### Dataset
------------------------------------------------
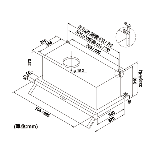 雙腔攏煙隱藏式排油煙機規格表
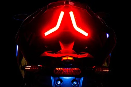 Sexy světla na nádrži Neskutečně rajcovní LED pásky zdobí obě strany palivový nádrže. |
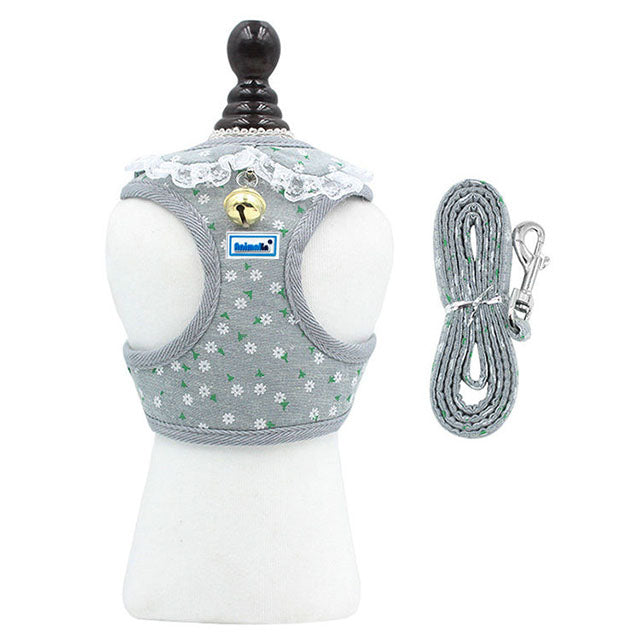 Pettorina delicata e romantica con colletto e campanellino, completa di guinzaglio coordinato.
------------------------------------------------
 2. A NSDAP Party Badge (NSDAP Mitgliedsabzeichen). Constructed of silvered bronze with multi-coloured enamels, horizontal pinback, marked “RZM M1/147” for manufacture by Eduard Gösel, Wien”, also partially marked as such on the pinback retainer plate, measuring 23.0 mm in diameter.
------------------------------------------------
### What the task asks
Print exactly the lines above that run from the one with "雙腔攏煙隱藏式排油煙機規格表" down to the one with "Pettorina delicata e", and omit the pictures.

### Output for this exercise
 雙腔攏煙隱藏式排油煙機規格表
 Sexy světla na nádrži Neskutečně rajcovní LED pásky zdobí obě strany palivový nádrže. |
 Pettorina delicata e romantica con colletto e campanellino, completa di guinzaglio coordinato.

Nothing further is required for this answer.